Chapter 25 — DataSims: A Simulated Enterprise for Agent Evaluation #
"All models are wrong, but some are useful." -- George Box
📖 25 min read | 👤 Dr. Chen (Researcher), David (VP Data), All personas | 🏷️ Part VII: Proof
What you'll learn:
- Why a simulated enterprise is necessary for rigorous agent evaluation
- The SimShop platform: 164 tables, 12 schemas, 15 ETL pipelines
- The 10 controlled data quality issues and why each exists
- The Docker architecture: 10 services working together
- How to set up the environment and run your own experiments
The Problem: How Do You Test an Orchestra? #
Dr. Chen, the researcher, faces a fundamental challenge. She wants to evaluate the Neam agent stack -- but on what? Production data is confidential, messy, and unreproducible. Toy datasets are too simple to stress-test multi-agent coordination. Academic benchmarks test individual capabilities, not lifecycle orchestration.
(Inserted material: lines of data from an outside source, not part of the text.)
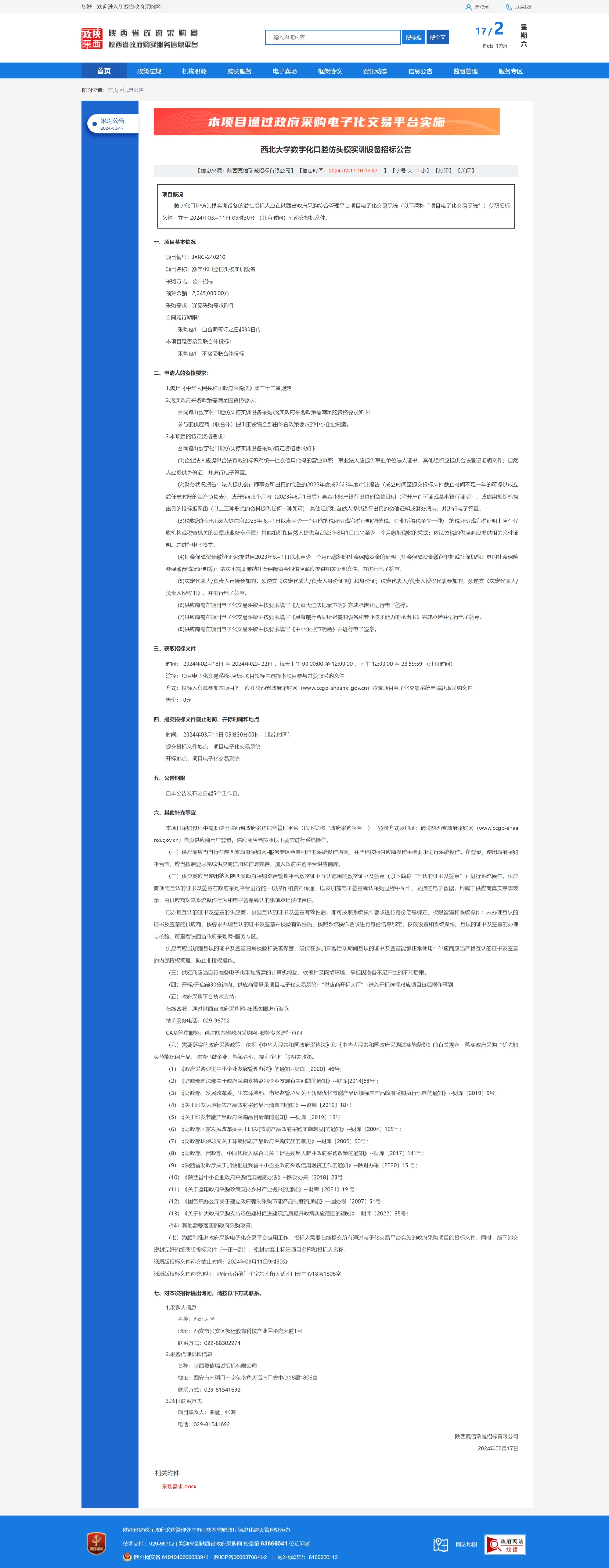 乐投平台数字化口腔仿头模实训设备招标公告 作者: 编辑:采购与招标办公室 时间:2024-02-17 原公告链接:https://www.ccgp-shaanxi.gov.cn/freecms/site/shaanxi/ggxx/info/2024/8a69c2e88d644a30018db25eab9c40be.html?noticeType=001011¬iceId=d8d8c715-cd6d-11ee-b8b6-08c0eb20c666
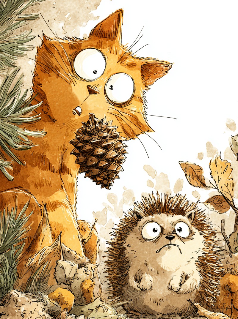 Ежик нюхал шишку носом,
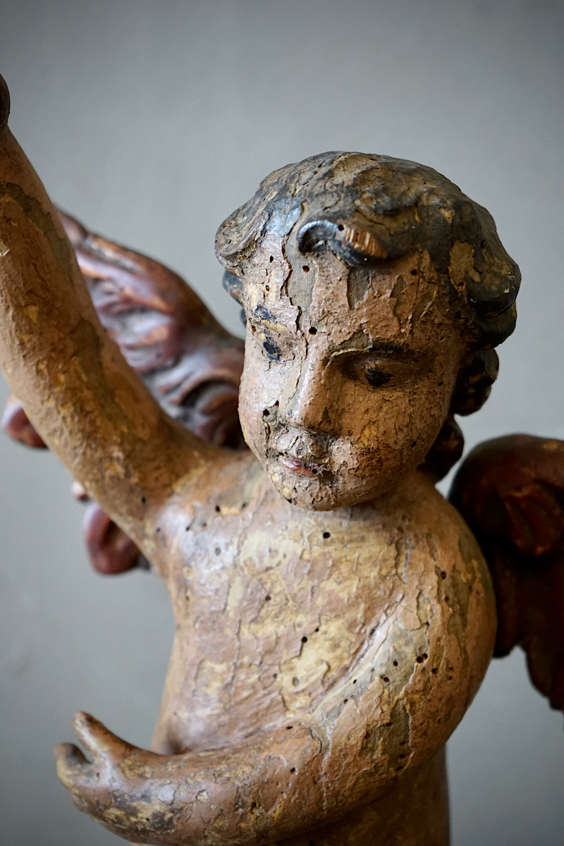 Not to be confused with 19th century pieces in this style, which are generally made of moulded plaster, not fully carved such as these.
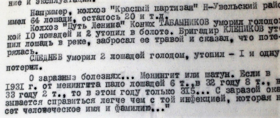 Например, колхоз «Красный партизан», Н-Увельский район, имел 64 лошади, осталось 20 и т. д.
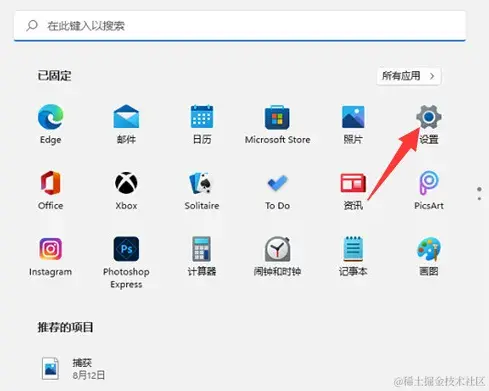 步骤1:点击菜单栏中的win窗口图标按钮,进入 【设置】 选项。
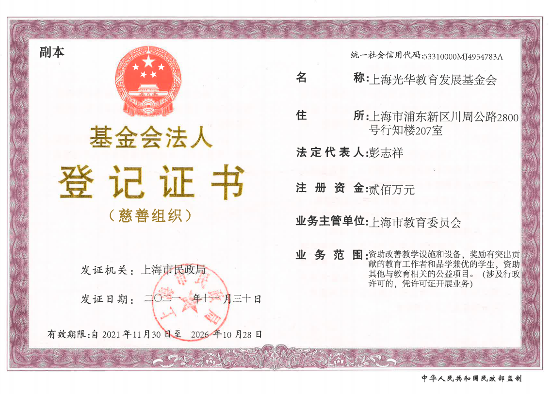 上海光华教育发展基金会,致力于联合各界公益力量,践行社会责任,资助教育项目,推动中国教育创新发展。基金会以光耀中华为使命,立足当下,在深耕教育行业的基础上创新进取,播下希望的种子,让光荣与梦想生根发芽、开花结果。
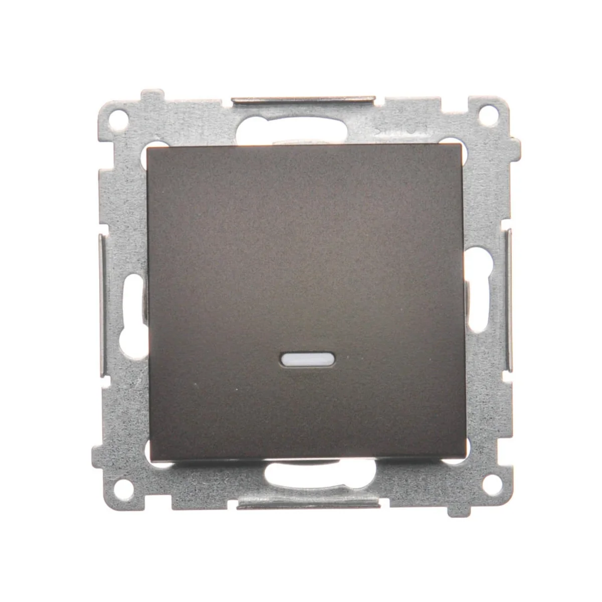 Interrupteur unipolaire (bistable) de la série Simon 54. Avec éclairage LED bleu remplaçable pour l'orientation. Pour obtenir la classe d'étanchéité IP44, utilisez un joint de cadre.
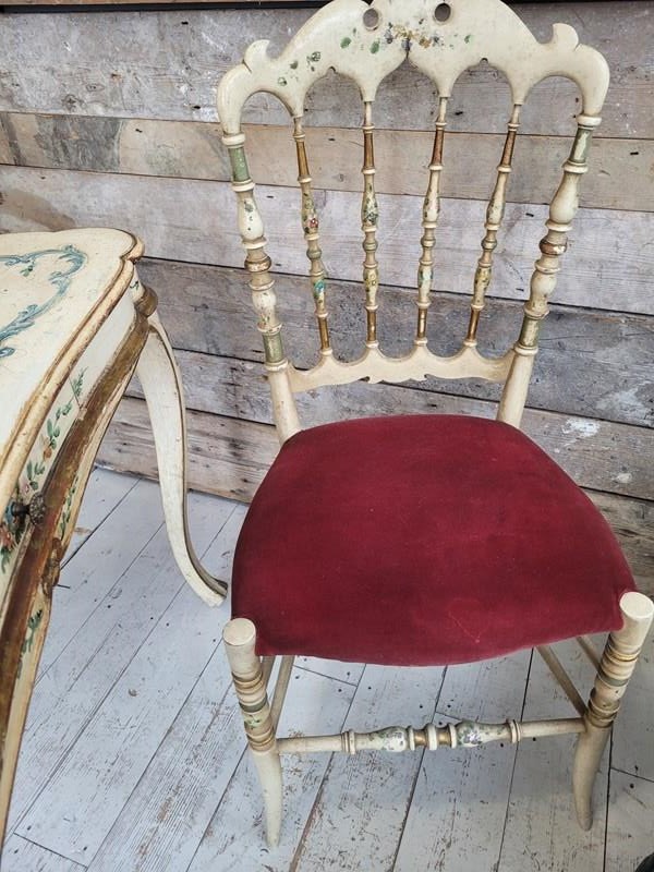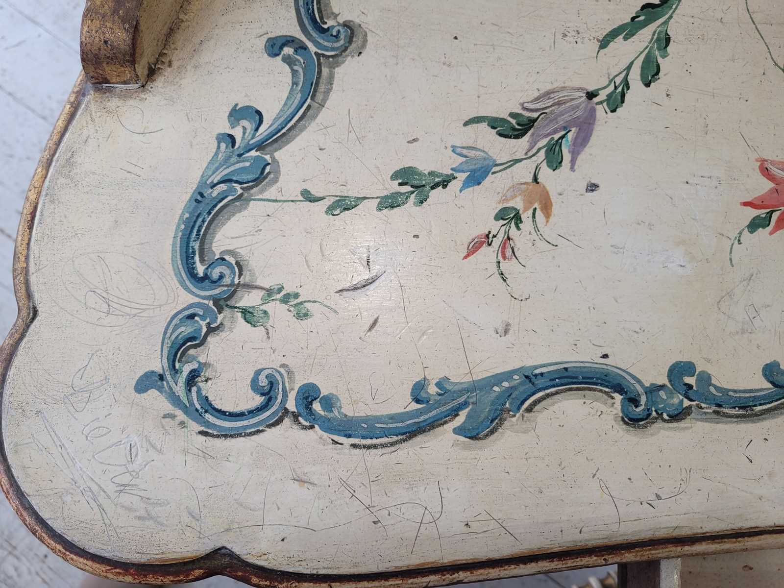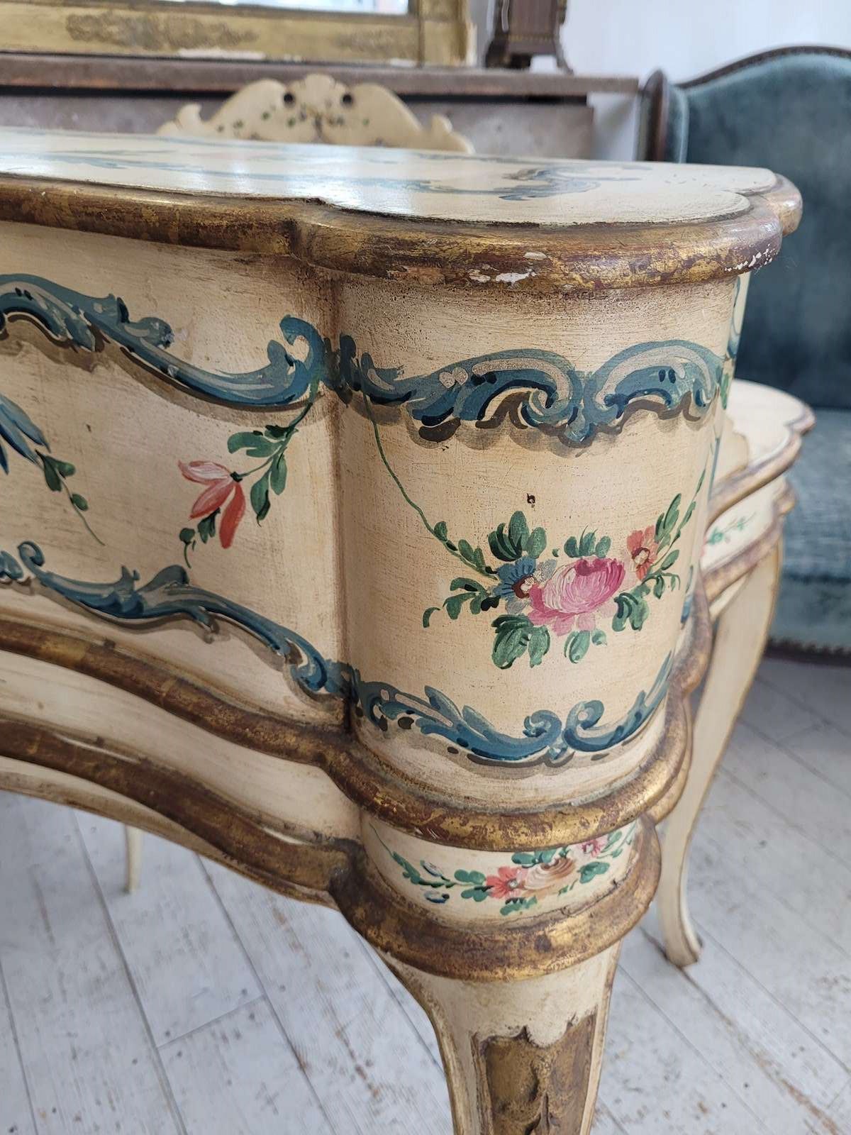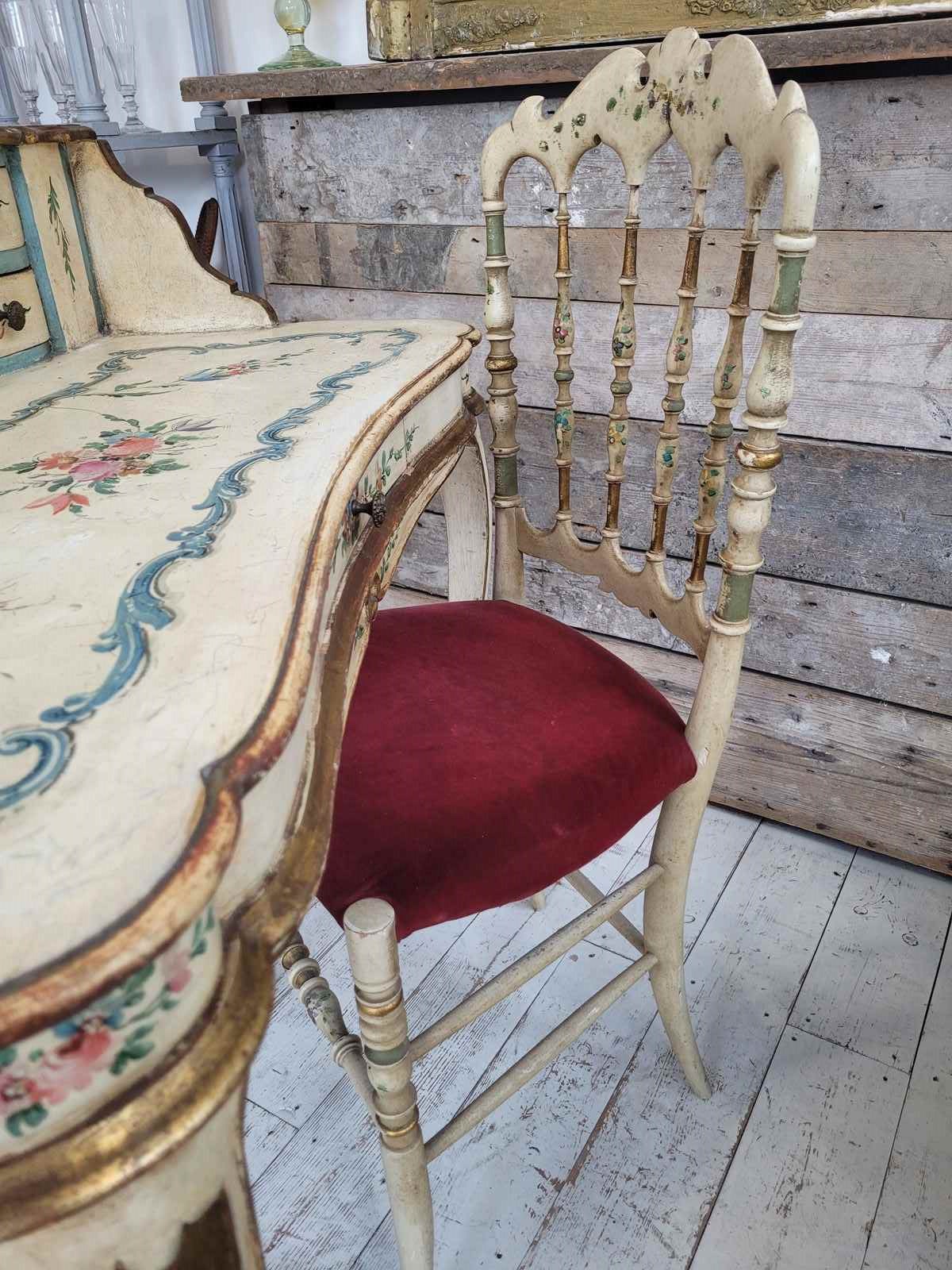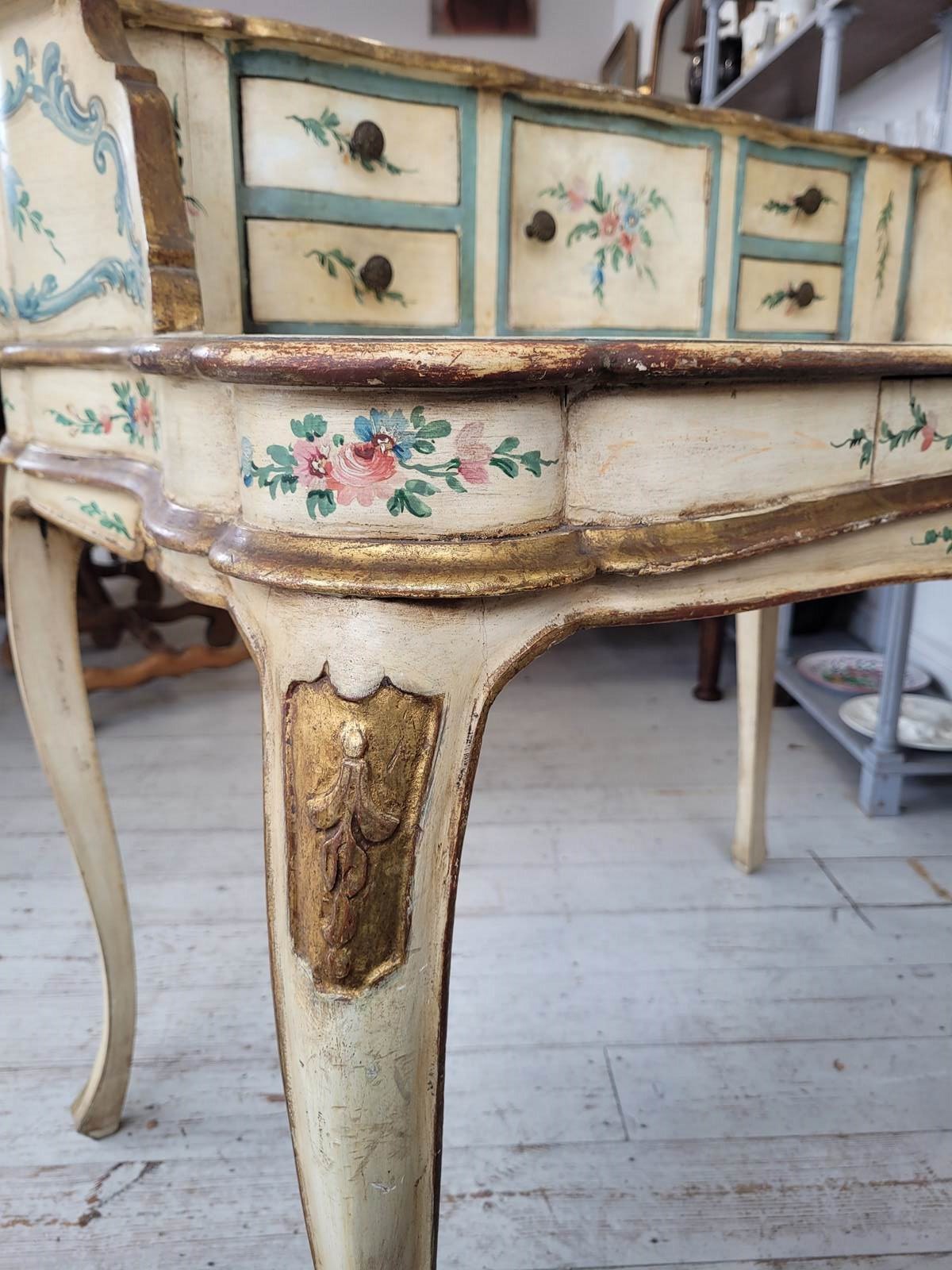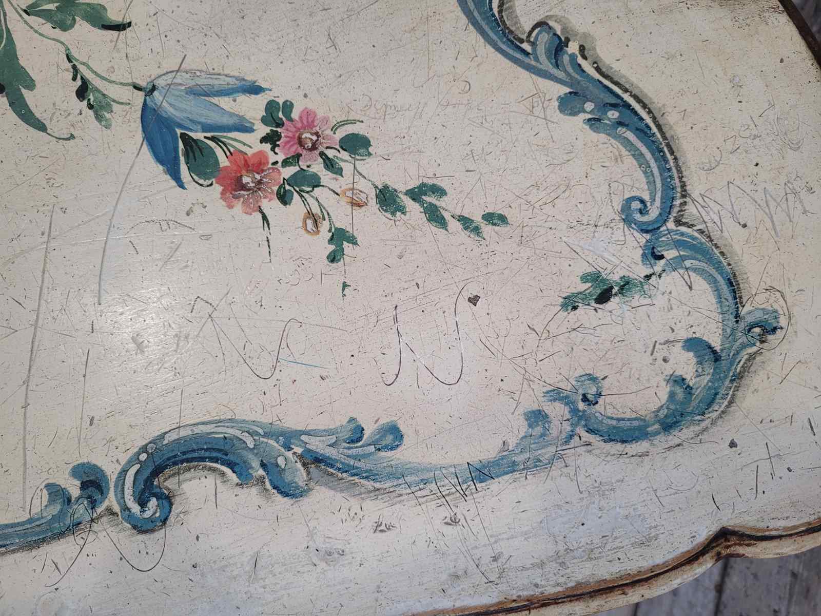 For me this was a Coup de Coeur, a rare find and so pretty. Hand painted with flowers swags and gold highlights this ladies desk is stunning .Standing on its pretty elegant cabriole legs and curvy shape it is a truly feminine piece. It has sadly suffered from being written on over the years but it has been priced accordingly and its beauty still shines, I have shown this in the photographs. A real interior design piece as well as practical, a real statement piece.
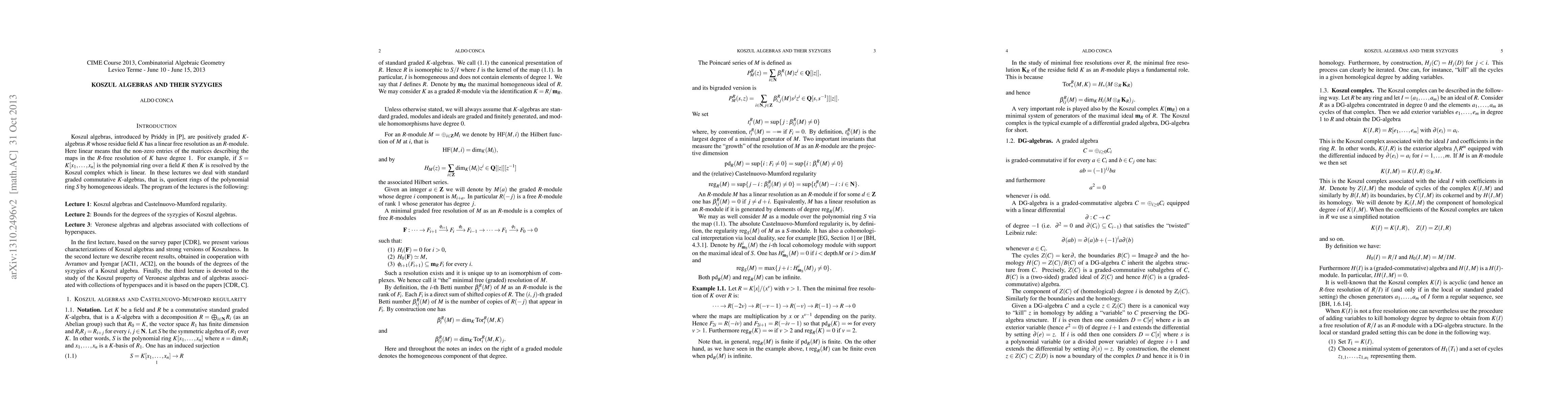 This paper introduces Koszul algebras, graded K-algebras with linear free resolutions, and discusses their characterization by Castelnuovo-Mumford regularity. It also covers recent findings on the syzygies of these algebras and explores the Koszul property in Veronese algebras and algebras related to hyperspaces.

She needs something that does not exist in the literature: a complete, realistic, controlled, reproducible enterprise data environment where she can run experiments, ablate components, and measure outcomes with statistical rigor.
DataSims is that environment.
What Is DataSims? #
DataSims is a fully containerized simulation of a mid-size e-commerce company called SimShop. It provides everything a real enterprise data platform would have -- databases, ETL pipelines, ML infrastructure, metadata governance, monitoring -- but in a controlled environment where every variable is known and every experiment is reproducible.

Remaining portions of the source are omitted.